*TO DO*: With pictures excluded, output exactly the lines that run from the first line of the data below through the line containing "This Kundan &".

====== INFORMATION PROVIDED ======

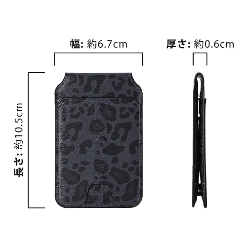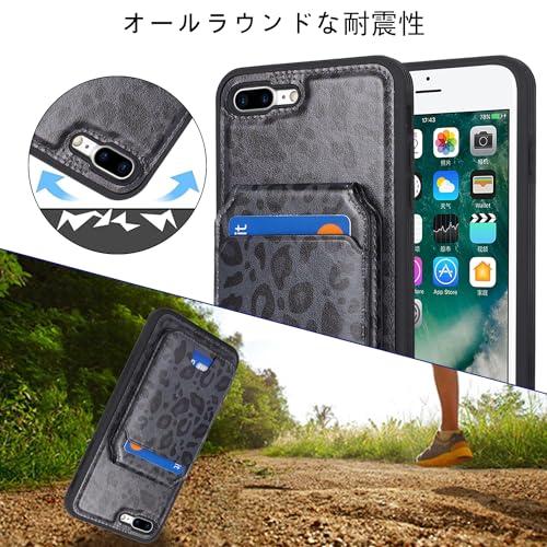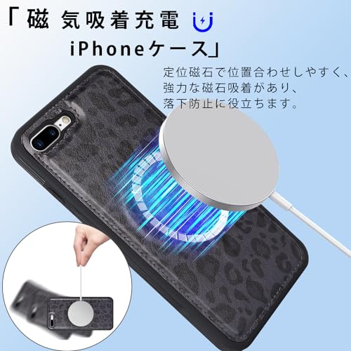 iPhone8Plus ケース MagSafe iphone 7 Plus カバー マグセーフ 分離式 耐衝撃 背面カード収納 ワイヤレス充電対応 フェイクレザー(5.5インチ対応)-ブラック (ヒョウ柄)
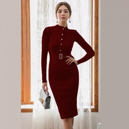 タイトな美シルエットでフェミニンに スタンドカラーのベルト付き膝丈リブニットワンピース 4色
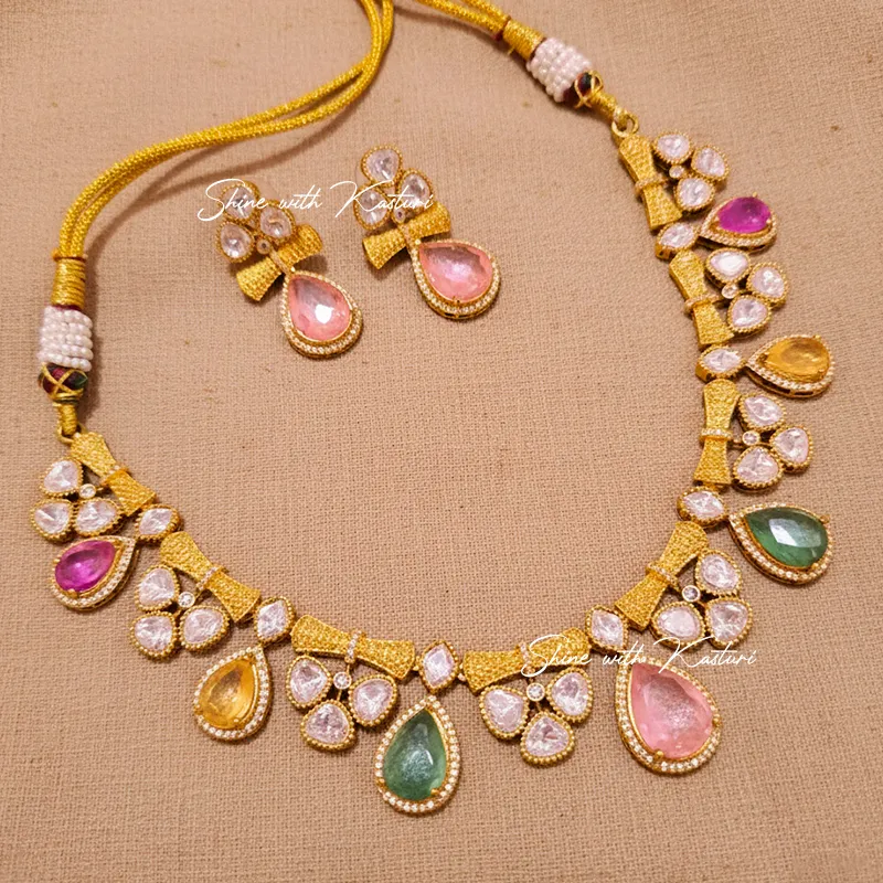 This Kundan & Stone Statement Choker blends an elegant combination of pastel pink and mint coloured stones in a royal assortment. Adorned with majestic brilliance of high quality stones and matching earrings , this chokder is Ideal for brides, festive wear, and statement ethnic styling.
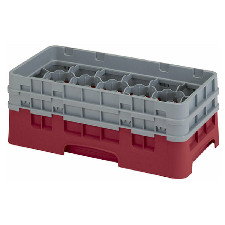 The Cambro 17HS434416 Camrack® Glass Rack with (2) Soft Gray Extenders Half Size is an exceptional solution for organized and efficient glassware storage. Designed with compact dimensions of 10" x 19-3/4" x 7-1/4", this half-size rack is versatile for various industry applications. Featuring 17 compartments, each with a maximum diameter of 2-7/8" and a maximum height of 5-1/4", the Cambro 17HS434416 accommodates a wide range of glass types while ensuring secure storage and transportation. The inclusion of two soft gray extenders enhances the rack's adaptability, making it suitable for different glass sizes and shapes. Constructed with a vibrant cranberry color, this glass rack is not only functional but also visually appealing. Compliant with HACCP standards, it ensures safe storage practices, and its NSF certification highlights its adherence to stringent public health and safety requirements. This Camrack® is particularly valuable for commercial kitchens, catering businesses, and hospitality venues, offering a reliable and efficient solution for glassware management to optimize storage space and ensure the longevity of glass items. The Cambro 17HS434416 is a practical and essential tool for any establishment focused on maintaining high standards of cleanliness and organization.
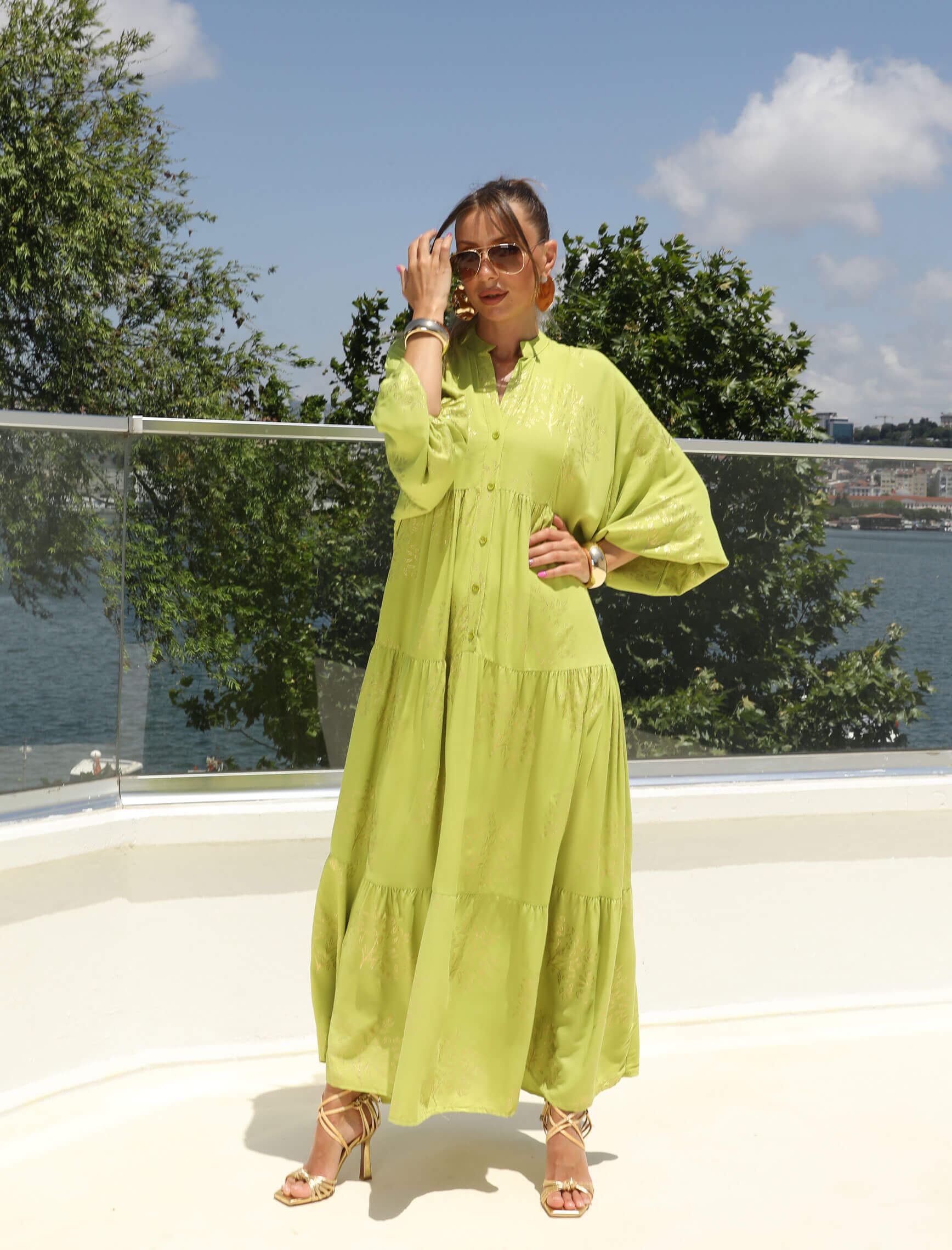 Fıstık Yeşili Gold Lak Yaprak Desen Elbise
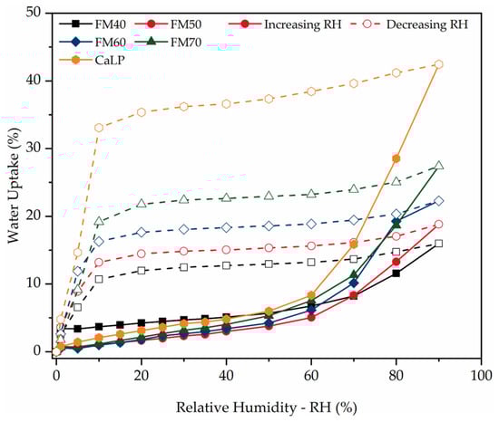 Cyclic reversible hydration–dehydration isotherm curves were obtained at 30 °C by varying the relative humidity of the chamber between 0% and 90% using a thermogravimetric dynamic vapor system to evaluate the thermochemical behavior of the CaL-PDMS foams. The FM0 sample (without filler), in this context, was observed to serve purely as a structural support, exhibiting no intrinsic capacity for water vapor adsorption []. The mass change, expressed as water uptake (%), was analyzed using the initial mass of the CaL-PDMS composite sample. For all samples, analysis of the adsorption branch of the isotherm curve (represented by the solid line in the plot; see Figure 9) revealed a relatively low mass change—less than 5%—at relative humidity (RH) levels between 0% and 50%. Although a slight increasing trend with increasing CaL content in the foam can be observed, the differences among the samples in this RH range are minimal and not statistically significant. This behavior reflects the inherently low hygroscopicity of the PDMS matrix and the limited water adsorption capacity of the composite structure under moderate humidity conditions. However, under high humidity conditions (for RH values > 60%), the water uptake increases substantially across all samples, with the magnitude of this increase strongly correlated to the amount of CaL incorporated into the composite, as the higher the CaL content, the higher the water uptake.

======

*TASK ANSWER*:
 iPhone8Plus ケース MagSafe iphone 7 Plus カバー マグセーフ 分離式 耐衝撃 背面カード収納 ワイヤレス充電対応 フェイクレザー(5.5インチ対応)-ブラック (ヒョウ柄)
 タイトな美シルエットでフェミニンに スタンドカラーのベルト付き膝丈リブニットワンピース 4色
 This Kundan & Stone Statement Choker blends an elegant combination of pastel pink and mint coloured stones in a royal assortment. Adorned with majestic brilliance of high quality stones and matching earrings , this chokder is Ideal for brides, festive wear, and statement ethnic styling.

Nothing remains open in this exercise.